*TASK GOAL:*
Copy out again, unchanged, the listing below from the line that has "Im Laufe der" through the line that has "Langkat (Humas) –".

*RECORDED INFORMATION:*
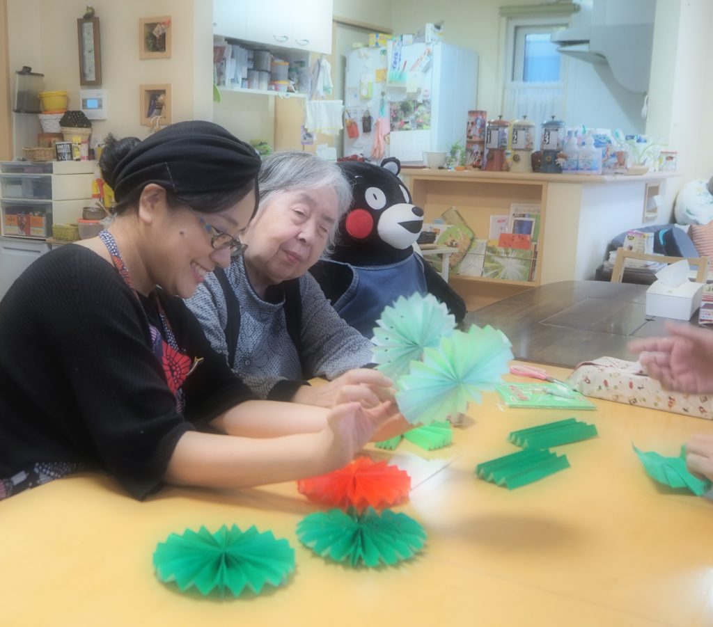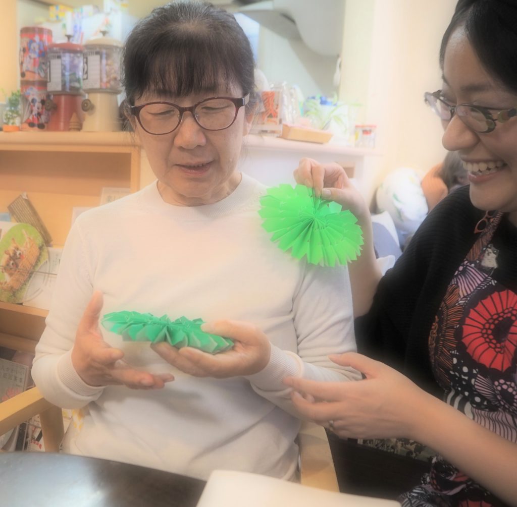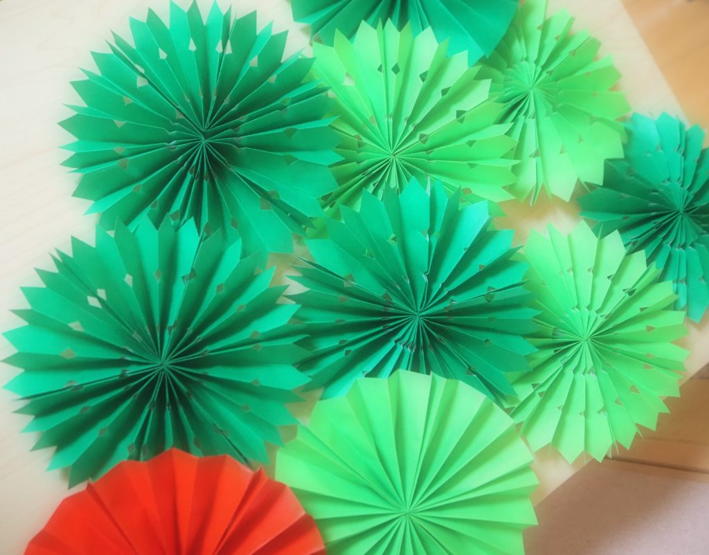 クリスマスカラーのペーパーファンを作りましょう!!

--

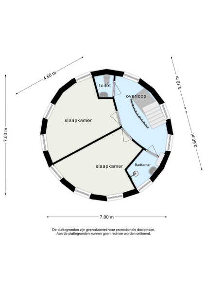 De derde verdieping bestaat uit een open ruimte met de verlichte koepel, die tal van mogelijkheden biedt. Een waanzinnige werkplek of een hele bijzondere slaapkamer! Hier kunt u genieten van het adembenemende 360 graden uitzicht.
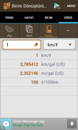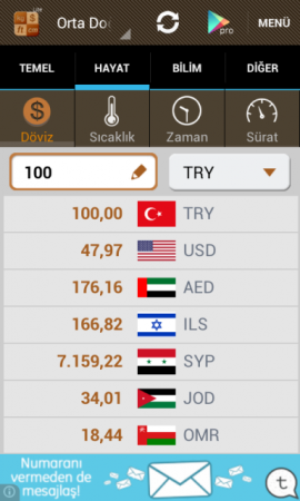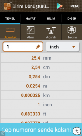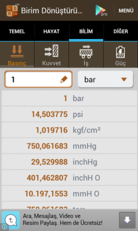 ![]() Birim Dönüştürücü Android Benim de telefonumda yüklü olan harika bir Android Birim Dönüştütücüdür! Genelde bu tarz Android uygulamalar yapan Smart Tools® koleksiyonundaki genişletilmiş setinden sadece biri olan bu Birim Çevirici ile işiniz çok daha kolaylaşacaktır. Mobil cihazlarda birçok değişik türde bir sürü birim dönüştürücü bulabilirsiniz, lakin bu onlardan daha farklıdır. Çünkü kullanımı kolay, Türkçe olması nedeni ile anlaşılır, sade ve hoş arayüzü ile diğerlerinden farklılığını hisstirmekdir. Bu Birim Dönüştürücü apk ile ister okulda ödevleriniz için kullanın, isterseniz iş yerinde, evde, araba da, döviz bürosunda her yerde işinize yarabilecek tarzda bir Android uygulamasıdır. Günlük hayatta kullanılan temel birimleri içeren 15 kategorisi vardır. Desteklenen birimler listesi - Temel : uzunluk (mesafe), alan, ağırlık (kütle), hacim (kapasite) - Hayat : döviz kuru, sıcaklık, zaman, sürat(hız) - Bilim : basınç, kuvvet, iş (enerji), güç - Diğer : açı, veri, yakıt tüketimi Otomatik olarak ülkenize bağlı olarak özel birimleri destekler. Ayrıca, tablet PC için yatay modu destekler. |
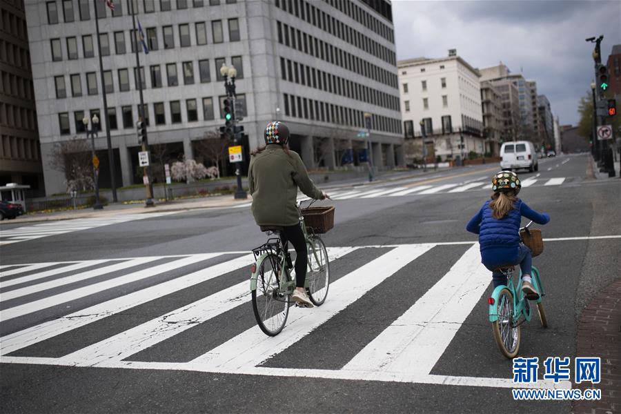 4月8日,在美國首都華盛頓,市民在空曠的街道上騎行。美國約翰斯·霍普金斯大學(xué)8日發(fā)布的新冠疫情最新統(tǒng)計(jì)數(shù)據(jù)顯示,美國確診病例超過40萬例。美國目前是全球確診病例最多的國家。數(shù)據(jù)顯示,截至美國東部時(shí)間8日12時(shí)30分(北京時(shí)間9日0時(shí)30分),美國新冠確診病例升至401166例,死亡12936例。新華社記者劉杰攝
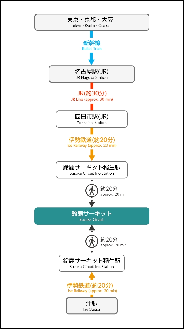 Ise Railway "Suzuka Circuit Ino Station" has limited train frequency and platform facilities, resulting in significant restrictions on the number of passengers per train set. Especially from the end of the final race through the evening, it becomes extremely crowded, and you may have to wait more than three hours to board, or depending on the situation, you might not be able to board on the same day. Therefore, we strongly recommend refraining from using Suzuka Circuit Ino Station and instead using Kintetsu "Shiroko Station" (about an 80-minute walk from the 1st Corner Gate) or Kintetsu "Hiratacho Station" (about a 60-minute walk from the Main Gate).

---

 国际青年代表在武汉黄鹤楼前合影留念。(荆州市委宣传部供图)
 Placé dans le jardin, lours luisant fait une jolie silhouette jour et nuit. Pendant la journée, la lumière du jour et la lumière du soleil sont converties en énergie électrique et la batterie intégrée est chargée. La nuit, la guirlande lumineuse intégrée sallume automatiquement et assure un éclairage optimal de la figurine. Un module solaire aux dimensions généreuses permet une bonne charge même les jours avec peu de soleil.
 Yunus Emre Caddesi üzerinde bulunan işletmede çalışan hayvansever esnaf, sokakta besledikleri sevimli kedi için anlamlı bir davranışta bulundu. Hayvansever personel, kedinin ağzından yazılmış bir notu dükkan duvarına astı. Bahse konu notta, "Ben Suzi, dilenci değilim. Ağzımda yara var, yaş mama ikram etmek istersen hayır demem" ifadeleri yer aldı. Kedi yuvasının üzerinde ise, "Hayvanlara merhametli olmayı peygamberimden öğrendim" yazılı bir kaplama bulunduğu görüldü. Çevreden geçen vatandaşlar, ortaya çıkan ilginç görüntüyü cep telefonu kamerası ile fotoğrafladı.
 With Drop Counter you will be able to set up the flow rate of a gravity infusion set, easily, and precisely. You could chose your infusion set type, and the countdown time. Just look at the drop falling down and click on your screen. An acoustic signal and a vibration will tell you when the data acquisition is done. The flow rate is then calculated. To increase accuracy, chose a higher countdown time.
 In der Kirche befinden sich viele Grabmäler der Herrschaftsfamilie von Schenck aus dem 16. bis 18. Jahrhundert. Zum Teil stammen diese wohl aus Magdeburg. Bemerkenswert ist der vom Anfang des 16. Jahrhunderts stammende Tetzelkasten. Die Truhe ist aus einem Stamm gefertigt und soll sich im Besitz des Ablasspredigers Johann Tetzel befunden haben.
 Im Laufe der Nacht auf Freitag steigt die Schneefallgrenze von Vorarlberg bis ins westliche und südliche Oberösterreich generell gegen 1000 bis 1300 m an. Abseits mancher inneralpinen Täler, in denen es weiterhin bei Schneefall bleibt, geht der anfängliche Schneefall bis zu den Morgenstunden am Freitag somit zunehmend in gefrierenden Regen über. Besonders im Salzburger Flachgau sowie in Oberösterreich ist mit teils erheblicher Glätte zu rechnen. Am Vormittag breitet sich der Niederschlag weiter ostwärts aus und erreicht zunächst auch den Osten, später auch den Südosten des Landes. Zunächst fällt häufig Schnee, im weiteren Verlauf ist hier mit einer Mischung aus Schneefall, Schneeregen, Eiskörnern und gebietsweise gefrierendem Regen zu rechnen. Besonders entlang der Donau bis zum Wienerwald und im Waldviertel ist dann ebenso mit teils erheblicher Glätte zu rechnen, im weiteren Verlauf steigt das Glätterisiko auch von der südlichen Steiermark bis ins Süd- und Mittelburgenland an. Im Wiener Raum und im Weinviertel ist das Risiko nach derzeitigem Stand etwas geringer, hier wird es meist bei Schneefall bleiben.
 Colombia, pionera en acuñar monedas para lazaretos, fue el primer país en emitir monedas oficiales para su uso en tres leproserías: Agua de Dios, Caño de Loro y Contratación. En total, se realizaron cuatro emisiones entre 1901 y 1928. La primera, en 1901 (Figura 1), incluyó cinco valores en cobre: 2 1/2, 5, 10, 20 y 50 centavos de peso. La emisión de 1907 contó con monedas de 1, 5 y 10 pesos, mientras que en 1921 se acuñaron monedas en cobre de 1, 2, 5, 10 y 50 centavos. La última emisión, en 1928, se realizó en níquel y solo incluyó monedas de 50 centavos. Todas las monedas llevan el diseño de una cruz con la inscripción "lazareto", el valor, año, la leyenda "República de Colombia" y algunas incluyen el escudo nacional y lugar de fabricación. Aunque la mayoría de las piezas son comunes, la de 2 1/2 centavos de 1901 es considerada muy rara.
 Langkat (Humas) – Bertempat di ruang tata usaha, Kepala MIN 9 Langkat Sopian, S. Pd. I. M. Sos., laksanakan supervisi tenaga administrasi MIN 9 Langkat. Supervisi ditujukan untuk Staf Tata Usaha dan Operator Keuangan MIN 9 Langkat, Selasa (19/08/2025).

*SOLUTION TO THE EXERCISE:*
 Im Laufe der Nacht auf Freitag steigt die Schneefallgrenze von Vorarlberg bis ins westliche und südliche Oberösterreich generell gegen 1000 bis 1300 m an. Abseits mancher inneralpinen Täler, in denen es weiterhin bei Schneefall bleibt, geht der anfängliche Schneefall bis zu den Morgenstunden am Freitag somit zunehmend in gefrierenden Regen über. Besonders im Salzburger Flachgau sowie in Oberösterreich ist mit teils erheblicher Glätte zu rechnen. Am Vormittag breitet sich der Niederschlag weiter ostwärts aus und erreicht zunächst auch den Osten, später auch den Südosten des Landes. Zunächst fällt häufig Schnee, im weiteren Verlauf ist hier mit einer Mischung aus Schneefall, Schneeregen, Eiskörnern und gebietsweise gefrierendem Regen zu rechnen. Besonders entlang der Donau bis zum Wienerwald und im Waldviertel ist dann ebenso mit teils erheblicher Glätte zu rechnen, im weiteren Verlauf steigt das Glätterisiko auch von der südlichen Steiermark bis ins Süd- und Mittelburgenland an. Im Wiener Raum und im Weinviertel ist das Risiko nach derzeitigem Stand etwas geringer, hier wird es meist bei Schneefall bleiben.
 Colombia, pionera en acuñar monedas para lazaretos, fue el primer país en emitir monedas oficiales para su uso en tres leproserías: Agua de Dios, Caño de Loro y Contratación. En total, se realizaron cuatro emisiones entre 1901 y 1928. La primera, en 1901 (Figura 1), incluyó cinco valores en cobre: 2 1/2, 5, 10, 20 y 50 centavos de peso. La emisión de 1907 contó con monedas de 1, 5 y 10 pesos, mientras que en 1921 se acuñaron monedas en cobre de 1, 2, 5, 10 y 50 centavos. La última emisión, en 1928, se realizó en níquel y solo incluyó monedas de 50 centavos. Todas las monedas llevan el diseño de una cruz con la inscripción "lazareto", el valor, año, la leyenda "República de Colombia" y algunas incluyen el escudo nacional y lugar de fabricación. Aunque la mayoría de las piezas son comunes, la de 2 1/2 centavos de 1901 es considerada muy rara.
 Langkat (Humas) – Bertempat di ruang tata usaha, Kepala MIN 9 Langkat Sopian, S. Pd. I. M. Sos., laksanakan supervisi tenaga administrasi MIN 9 Langkat. Supervisi ditujukan untuk Staf Tata Usaha dan Operator Keuangan MIN 9 Langkat, Selasa (19/08/2025).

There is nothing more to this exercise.